In 2024, Herrón's work as part of Asco was included in Xican-a.o.x. Body a major group exhibition at the Pérez Art Museum Miami, Florida, highlighting the works of Chicano artists from the 1960s to the present.

=== Asco ===
In the early 1970s Herrón was among the founding members of the Los Angeles art collective, Asco, which also included Patssi Valdez, Gronk, and Harry Gamboa Jr. Herrón and Valdez had been working on joint art projects since they were in high school together and for a time, Valdez and Herron dated. Herron was involved with Asco for about fifteen years.

=== Murals ===
Herrón's murals often incorporate the found imagery of existing graffiti into his own work. One of his most recognized murals, The Wall That Cracked Open was painted in about twelve hours and was an outpouring of his feelings about the violent attack his brother suffered from rival gang members. The imagery used in this mural is influenced by Pre-Columbian themes and invokes the concept of Atzlán. The fact that Herrón includes graffiti is a way of tying together the art of both the mural and of "Chicano graffiti" which he saw as both deserving "mutual respect."

== Exhibitions ==
Herrón's first major exhibition was with Gamboa and Gronk at the Mechicano Art Center in East Los Angeles in 1972. His art was also part of the Chicano Art: Resistance and Affirmation (CARA) exhibit that toured the United States.

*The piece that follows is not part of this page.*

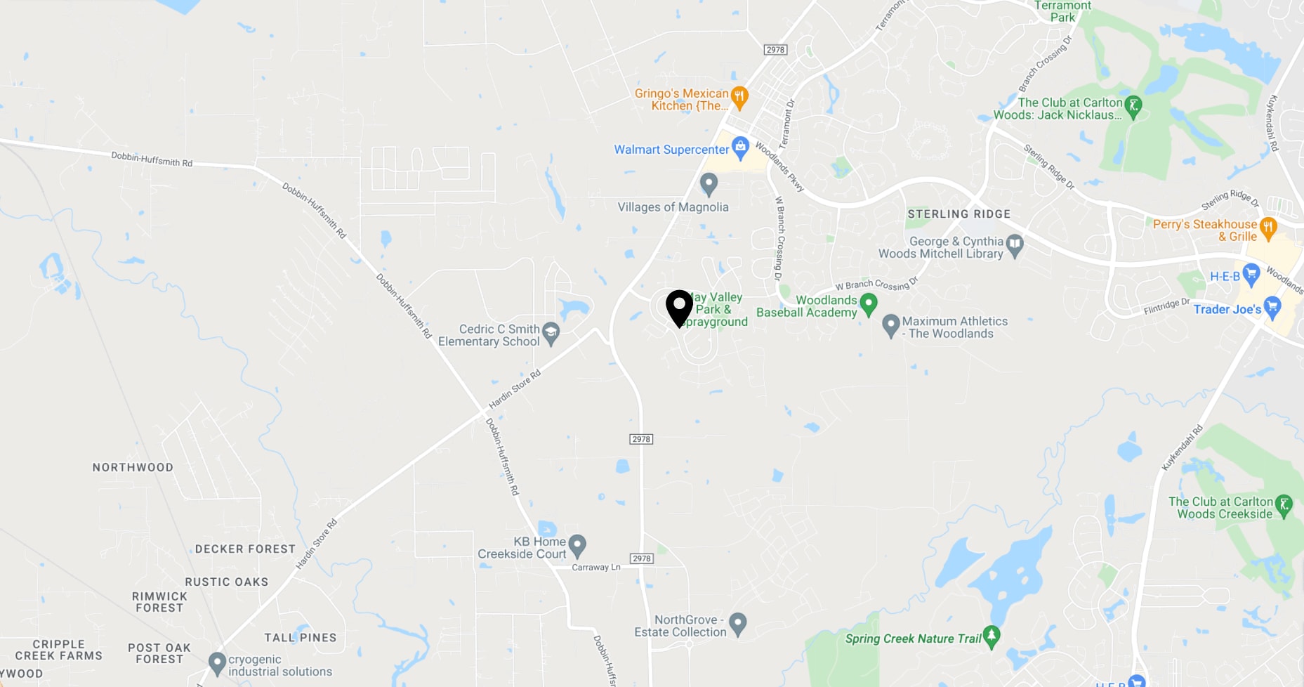 May Valley is located in The Woodlands, near FM 2978 and Woodlands Parkway, within the Village of Sterling Ridge. May Valley Park offers tennis courts, basketball courts, play equipment, a large covered pavilion, and a fun children’s splashpad! Numerous walking and biking trails connect May Valley to the other villages & amenities in The Woodlands. Ideally situated near shopping, restaurants, and conveniences at Terramont Village Shopping Center, where you can find a Walmart Supercenter, Starbucks, hair & nail salons, fast-food restaurants, bakeries, banks, and gas stations. A local favorite, The Republic Grille, opened its the second location here, offering an eclectic Texas Hill Country atmosphere, mouth-watering cuisine, and spacious outdoor patio. May Valley is zoned to highly-rated Magnolia Independent School District public schools. There are also multiple private schools to choose from in The Woodlands.

Herrón’s artworks are seen in films, music performances and museums throughout the US and Europe. Recently in the exhibition "¡Murales Rebeldes!" at LA Plaza de Cultura y Artes, Los Angeles 2017 and The California Historical Society History Museum, San Francisco 2018,
"LA Raza" and "Chicano Males Unbonded" at the Autry Museum of the American West, Los Angeles 2017 and the new Whitney Museum, New York 2015.
Examples of his work were included in "Asco: Elite of the Obscure, A Retrospective,1972-1987” at the Los Angeles County Museum of Art (LACMA) in 2011, at Williams College Museum of Art in Massachusetts (2012), Berkeley Art Museum and Pacific Film Archive (BAM/PFA), the Museo Universitario de Arte Contemporáneo (MUAC), on the campus of the National Autonomous University of Mexico (UNAM) in Mexico City, and at the Smart Museum of Art, University of Chicago (2013).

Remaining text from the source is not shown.